Going Pro with Feedly

I’ve been a heavy user of RSS for years now.  I’ve tried and used everything from custom built applications and scripts, to browser add-ons, to third-party services.  Even this very blog’s archives are full migration and review articles form one tool to another.  Here are a few links, if you are interested:

For the last 3 years, I’ve been using Feedly, which I like a lot.  I’ve been thinking about going Pro for about a year now.  Last week, I made the switch.  Here’s why:

  1. I do love the service and want to support it!  After all, I’m spending at least an hour every day going through my feeds.  Sometimes even more.
  2. The Pro version removes the limit on the number of feeds and items in each feed.  Not that I don’t have enough to read, but I don’t like the idea that I might be missing something.
  3. The Pro version provides integrations and easier sharing to a variety of third-party services.  The one that is most important for me is WordPress integration.
  4. Their blog post about the upcoming changes to feed organization was the last drop – I WANT THAT!

Feedly constantly improves the user experience and brings new features.  It works very stable – I think only remember one or two downtimes in the last three years.  Their web interface is very handy and the mobile app works well too.  They have plenty of browser add-ons to make things even easier.

All in all, it’s well worth $5 per month for me.

Data Gravity

On the drive back home today I was listening to DevOps Cafe podcast, episode 59.  I’ve recently subscribed to this show and I think this was the first episode of it I ever heard.  It’s one of many tech talk podcasts, where two or more people chat for a varied period of time on a selection of topics, mostly related to technology.

In this particular episode, program hosts John and Damon were interviewing the CTO of BashoDave McCrory.  I wasn’t familiar with either Basho or Dave prior to the episode.  Gladly, a somewhat lengthy introduction by Dave gave me a good idea who he is.  What followed though was way more interesting – a discussion about data.

To be completely honest with you, I haven’t even finished the episode yet (got home right in the middle of it), but I feel like it’s one of those worth blogging about.  For one, I’ve learned a new term – “data lake”.  Apparently, that’s a new and fancy way of branding “data warehousing”.  Here is a bit from TechTarget, for example:

A data lake is a storage repository that holds a vast amount of raw data in its native format until it is needed.

While a hierarchical data warehouse stores data in files or folders, a data lake uses a flat architecture to store data. Each data element in a lake is assigned a unique identifier and tagged with a set of extended metadata tags. When a business question arises, the data lake can be queried for relevant data, and that smaller set of data can then be analyzed to help answer the question.

The term data lake is often associated with Hadoop-oriented object storage.

But that was just the beginning.  What followed was a fascinating discussion on Data Gravity.  Obviously, this whole thing is too fresh in my mind and I can’t formulate it well yet, so I suggest you listen to the episode and read the intro on the Data Gravity site.  For the sake of brevity:

[…] it’s also a misleading term.

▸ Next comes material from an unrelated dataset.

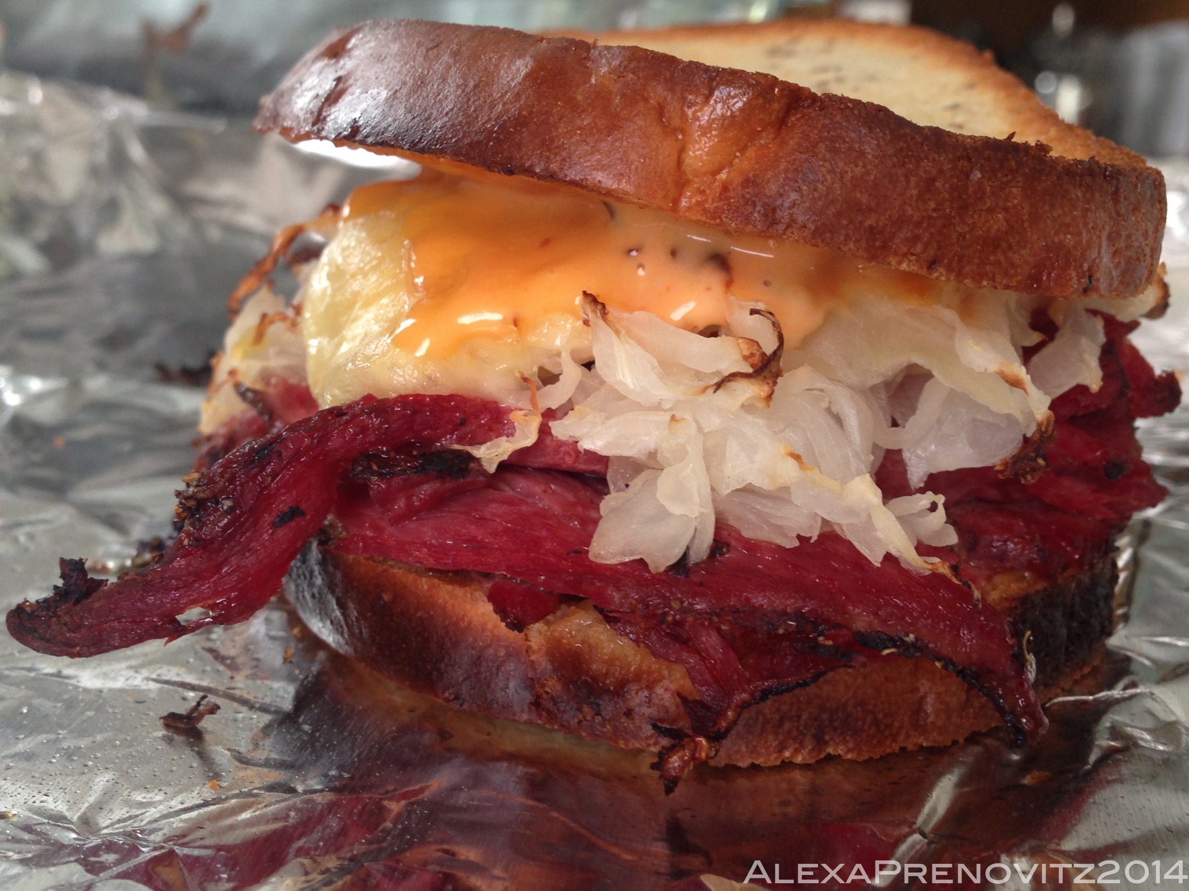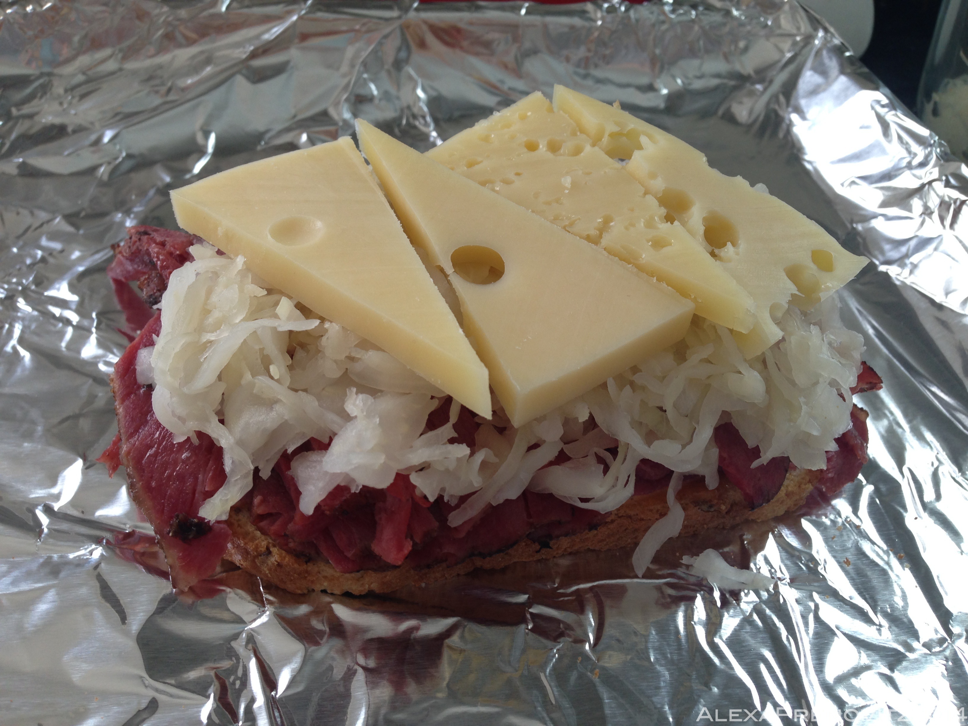Add a dollop of Russian dressing on top of the cheese and place the other toasted piece of bread on top. (For added richness, butter the toasted piece of bread and put it under the broiler until browned, then place on top of the sandwich)

Behind it all is the notion that data which is near other data is more useful, and the tendency of data to cling together comes from the usefulness of the resulting knowledge. […]

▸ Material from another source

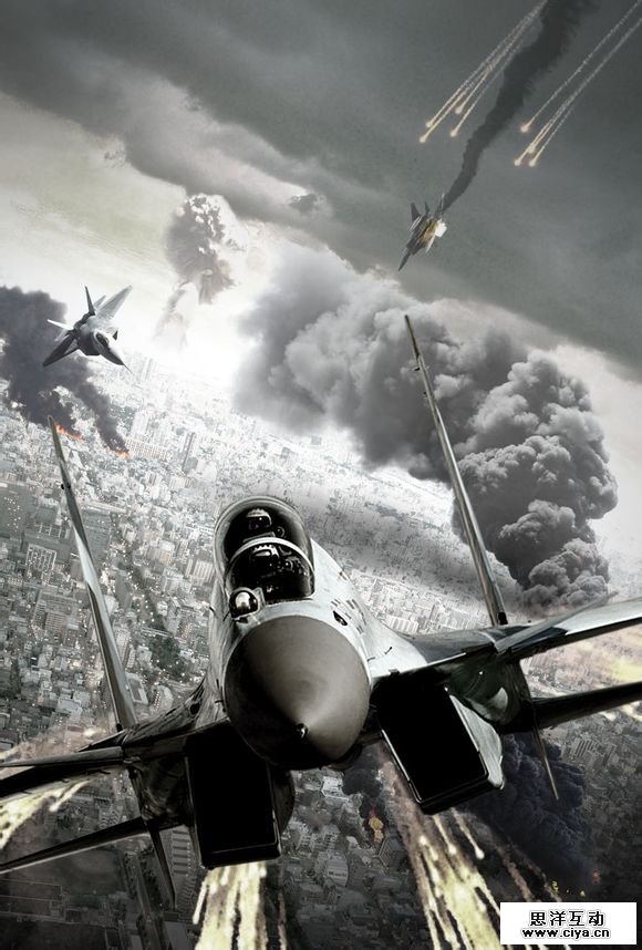复制到“空战”,调整一下位置和大小。还有透明度和色相饱和度,话说这个悲催的飞行员即使施放了那么多的干扰弹,最后还是被击落。

A lot of it seems obvious, but here it’s all put into a nice thought framework, with references to other, more established fields, like math and physics.  Easily one of the most interesting technology related discussions I’ve heard in a while!

Extract, Transform, Load

I’ve been doing all kinds of data migrations and system integration for years now.  But only yesterday I’ve learned that there is a very specific term linked to the process.

In computing, extract, transform, and load (ETL) refers to a process in database usage and especially in data warehousing that:

  • Extracts data from outside sources
  • Transforms it to fit operational needs, which can include quality levels
  • Loads it into the end target (database, more specifically, operational data store, data mart, or data warehouse)

ETL systems commonly integrate data from multiple applications, typically developed and supported by different vendors or hosted on separate computer hardware. The disparate systems containing the original data are frequently managed and operated by different employees. For example a cost accounting system may combine data from payroll, sales and purchasing.